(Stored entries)
● ● ● ● ●

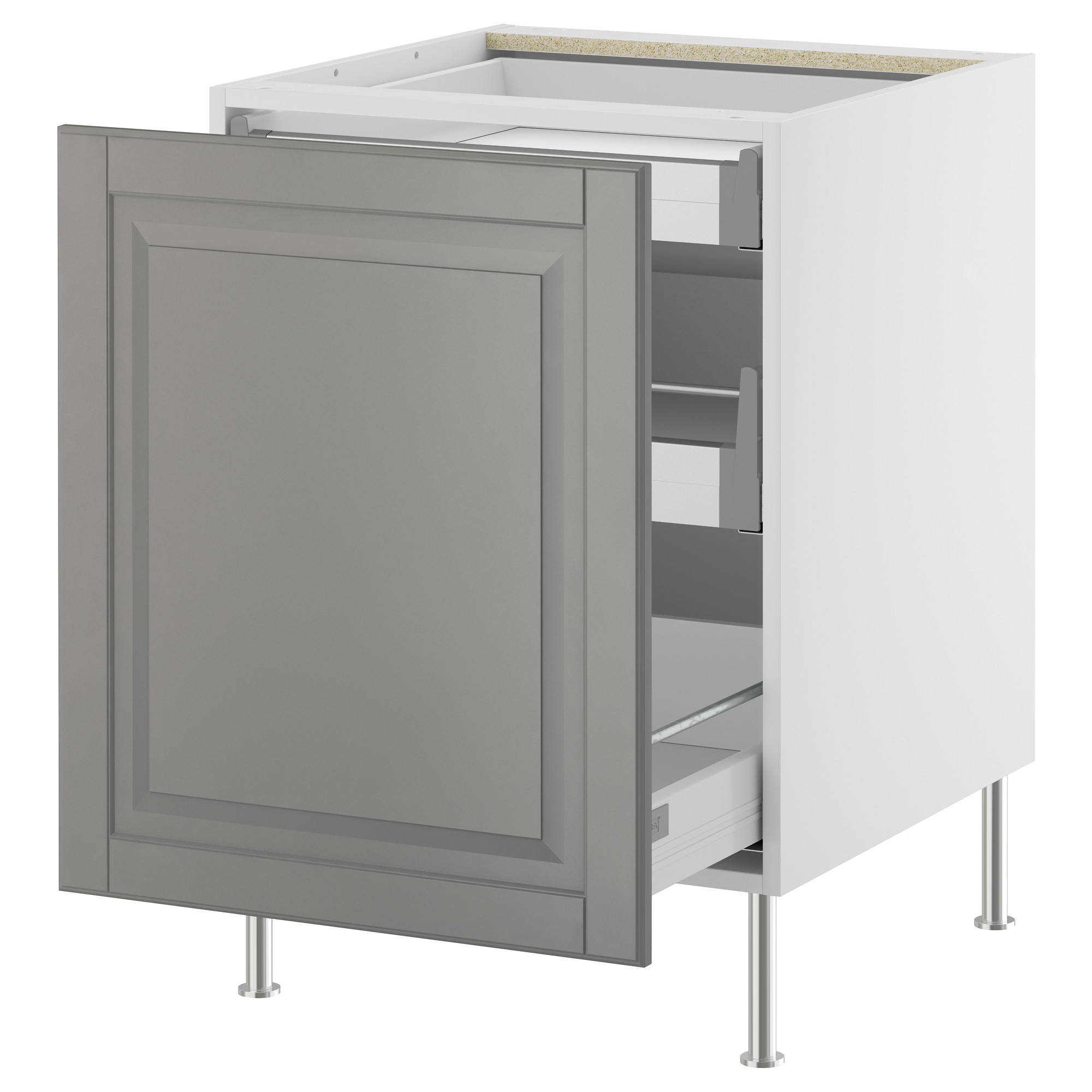 Ящики со стопором; закрываются плавно, мягко и бесшумно. Ящики выдвигаются полностью, что обеспечивает удобный обзор и доступ к содержимому. Ящики с плавным ходом и стопором. Самозакрывающиеся ящики. Каркас имеет устойчивую конструкцию, толщина 18 мм. Можно дополнить внутренними элементами РАТИОНЕЛЬ для функциональной организации пространства.
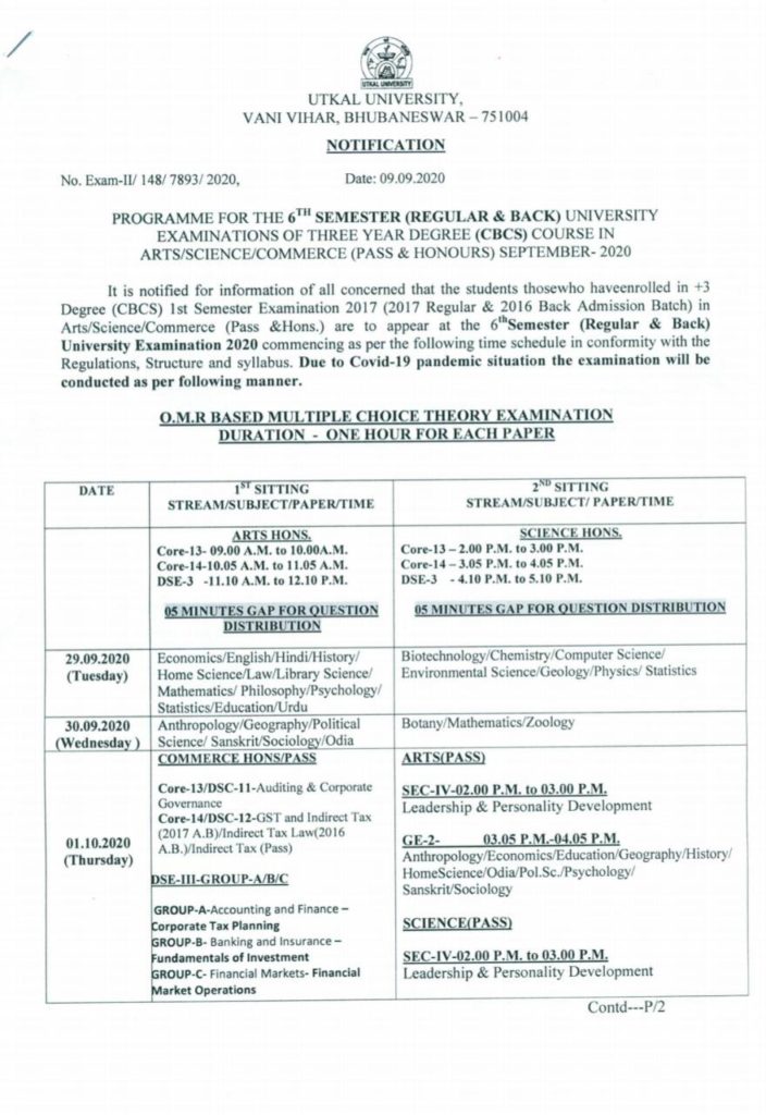 ଉତ୍କଳ ବିଶ୍ୱବିଦ୍ୟାଳୟ ଅଧିନସ୍ଥ ସମସ୍ତ ମହାବିଦ୍ୟାଳୟ ଗୁଡିକରେ ଯୁକ୍ତ ତିନି ଶେଷ ସେମିଷ୍ଟାର ପରୀକ୍ଷା ତାରିଖ ନେଇ ଆଜି ବିଜ୍ଞପ୍ତି ପ୍ରକାଶ ପାଇଛି । ସେପ୍ଟେମ୍ବର 29 ରୁ ଅକ୍ଟୋବର 3 ମଧ୍ୟରେ ଥିଓରୀ ପରୀକ୍ଷା ହେବ। ଦୁଇଟି ସିଟିଂରେ ହେବ ପରୀକ୍ଷା । ସେହିପରି ସେପ୍ଟେମ୍ବର 22 ରୁ 26 ତାରିଖ ମଧ୍ୟରେ ଅନୁଷ୍ଠିତ ହେବ ପ୍ରାକ୍ଟିକାଲ ପରୀକ୍ଷା । ଓବଜେକ୍ଟିଭ୍ ପ୍ରଶ୍ନ ଦ୍ଵାରା ଓଏମଆର ସିଟରେ ଥିଓରୀ ପରୀକ୍ଷା ହେବ ।
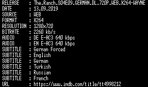 | FiLENAME: | The.Ranch.S04E09.GERMAN.DL.720P.WEB.X264-WAYNE.mkv |
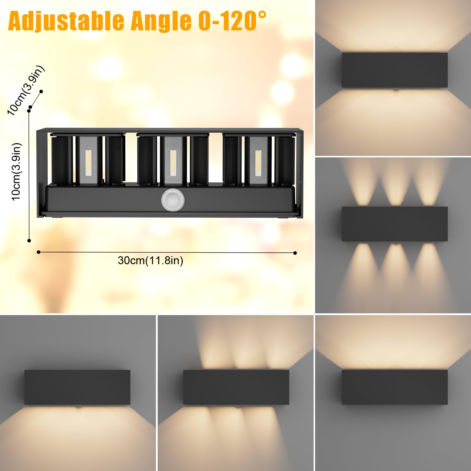 - 2.【Einstellbarer Lichtstrahl】Aussenwandleuchte mit Bewegungsmelder kann den Abstrahlwinkel (0°-120°) einstellen, um verschiedene Lichtformen zu erzeugen. Bieten Sie schöne Lichteffekte und verschiedene gute Atmosphären für Beleuchtung oder Dekoration.
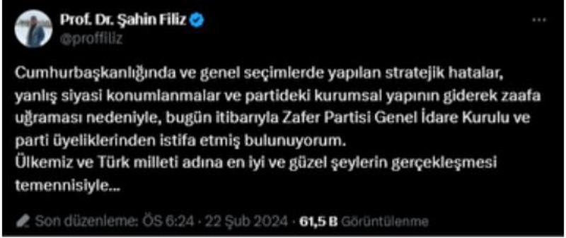 "Cumhurbaşkanlığında ve genel seçimlerde yapılan stratejik hatalar, yanlış siyasi konumlanmalar ve partideki kurumsal yapının giderek zaafa uğraması nedeniyle, bugün itibarıyla Zafer Partisi Genel İdare Kurulu ve parti üyeliklerinden istifa etmiş bulunuyorum. Ülkemiz ve Türk milleti adına en iyi ve güzel şeylerin gerçekleşmesi temennisiyle..."
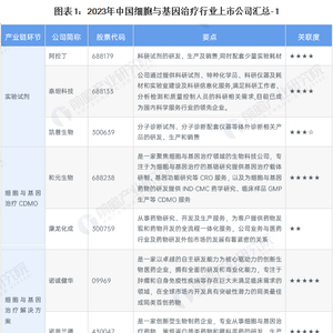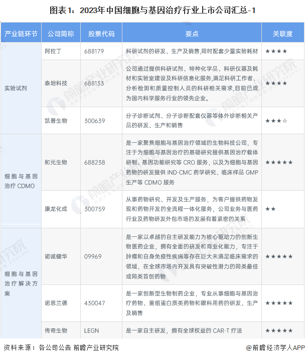 1、细胞与基因治疗(CGT)行业上市公司汇总
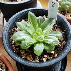 春にお迎えしたハオルチアです😊斑入りの葉がきれい…✨ お迎えした時より葉が増えました😊🎶 マリンということですが、葉っぱが細いような…🤔 かわいいのでいいか(笑)😁💕
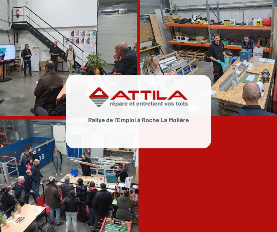 A l'occasion du rallye de l'emploi, le 16 novembre, l'agence ATTILA de Roche La Molière a accueilli une quinzaine de personnes, en recherche d’emploi ou de reconversion professionnelle, pour leur faire découvrir le métier de technicien de toitures ATTILA. Les questions ont été nombreuses et les personnes se sont montrées curieuses d’en savoir plus sur nos métiers tournés vers le rallongement de la durée de vie des toitures.
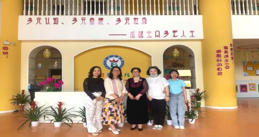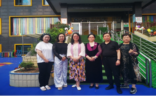 武汉市人民政府教育督导室督学、原武汉市教育局职业教育与成人教育处范振川处长(上图右二)、湖北省职业教育学前教育专业技能名师、武汉城市职业学院学前教育学院夏宇虹教授(上图左三)、学工办杨芳主任(上图左一)、学前第二党支部书记马豫副教授(上图左二)受邀参加了邦贝贝幼儿园举行的“童心向党,欢庆六一”文艺庆祝活动,和该园的全体师生及家长一起渡过了欢乐祥和的“六一”国际儿童节,并就该园儿童艺术教育与幼儿园课程的实施与建设给予了点评与指导。
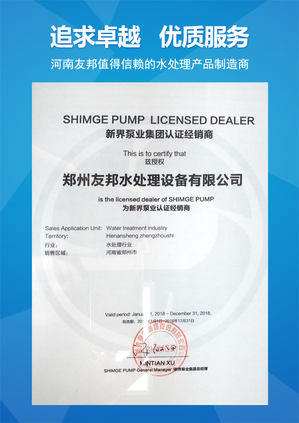 新界泵業(yè)授予友邦的證書
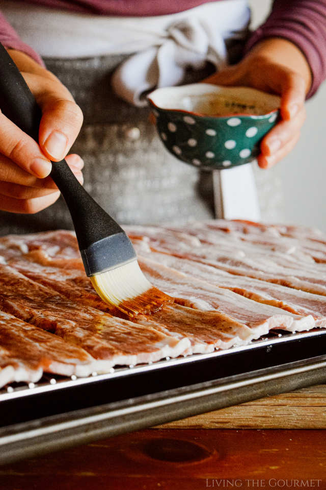 - In a small bowl, whisk together maple syrup, vanilla, cloves, and vanilla. Brush both sides of the bacon and bake for 20-25 minutes or until deeply browned and crispy.
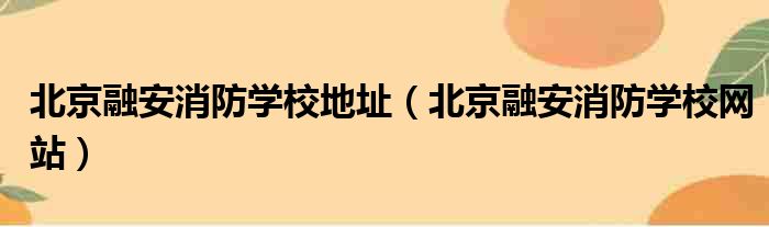 大家好,今天小六子来为大家解答以下的问题,关于北京融安消防学校地址,北京融安消防学校网站这个很多人还不知道,现在让我们一起来看看吧!
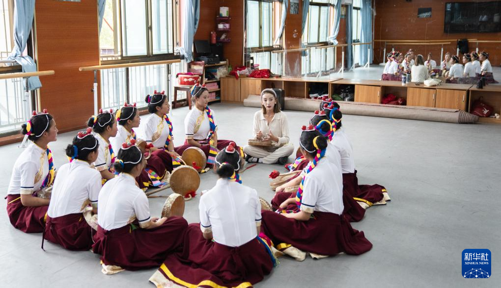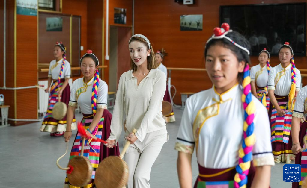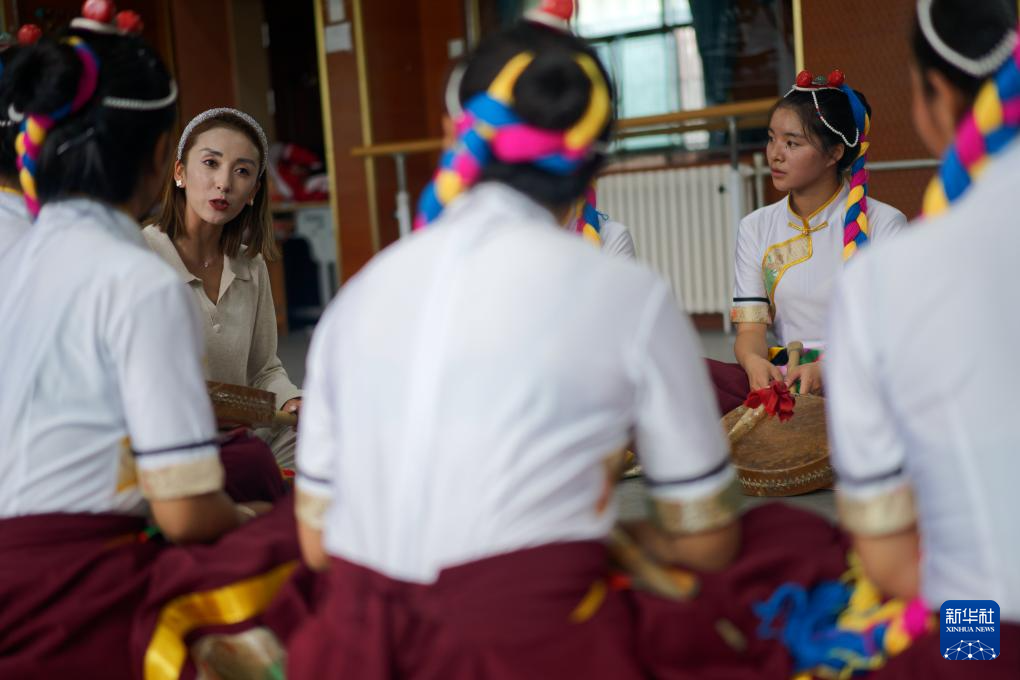 9月9日,在拉薩市第二中等職業(yè)技術(shù)學校,尼瑪卓瑪老師(左三)在指導孩子們舞蹈動作。新華社記者 晉美多吉 攝
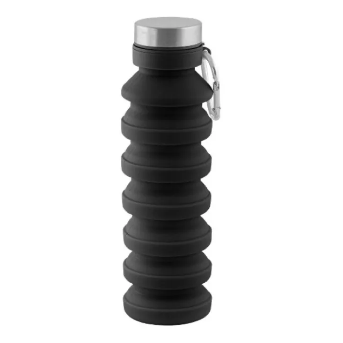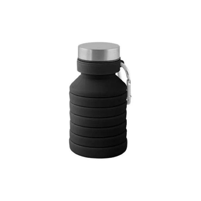 Borraccia pieghevole da 500 ml in silicone. Tappo e pratico moschettone in metallo. Ha il Certificato Lfgb.
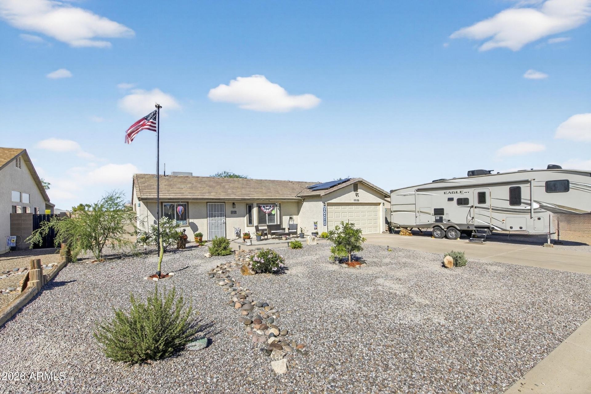 Move-in ready 3-bedroom, 2-bath home in Arizona City featuring a split floor plan, vaulted ceilings, and laminate and tile flooring throughout. Kitchen is nicely updated with white cabinets, quartz countertops, newer stainless steel appliances, and a walk-in pantry. Updated lighting, fans, and fixtures add to the homes fresh feel. Enjoy a large backyard with covered patio, storage shed, and space to make it your own. Dual pane windows, 2-car garage, 2024 roof, 2024 water heater, and VA assumable financing make this one stand out.

● ● ● ● ●

(ACTION ITEM):
Start at the line containing "1、细胞与基因治疗(CGT)行业上市公司汇总" above and stop at the line containing "お迎えした時より葉が増えました😊🎶 マリンということですが、葉っぱが細いような…🤔 かわいいのでいいか(笑)😁💕". Output those lines exactly, both included, but none of the pictures.

(ANSWER FOR THIS EXERCISE):
 1、细胞与基因治疗(CGT)行业上市公司汇总
 春にお迎えしたハオルチアです😊斑入りの葉がきれい…✨ お迎えした時より葉が増えました😊🎶 マリンということですが、葉っぱが細いような…🤔 かわいいのでいいか(笑)😁💕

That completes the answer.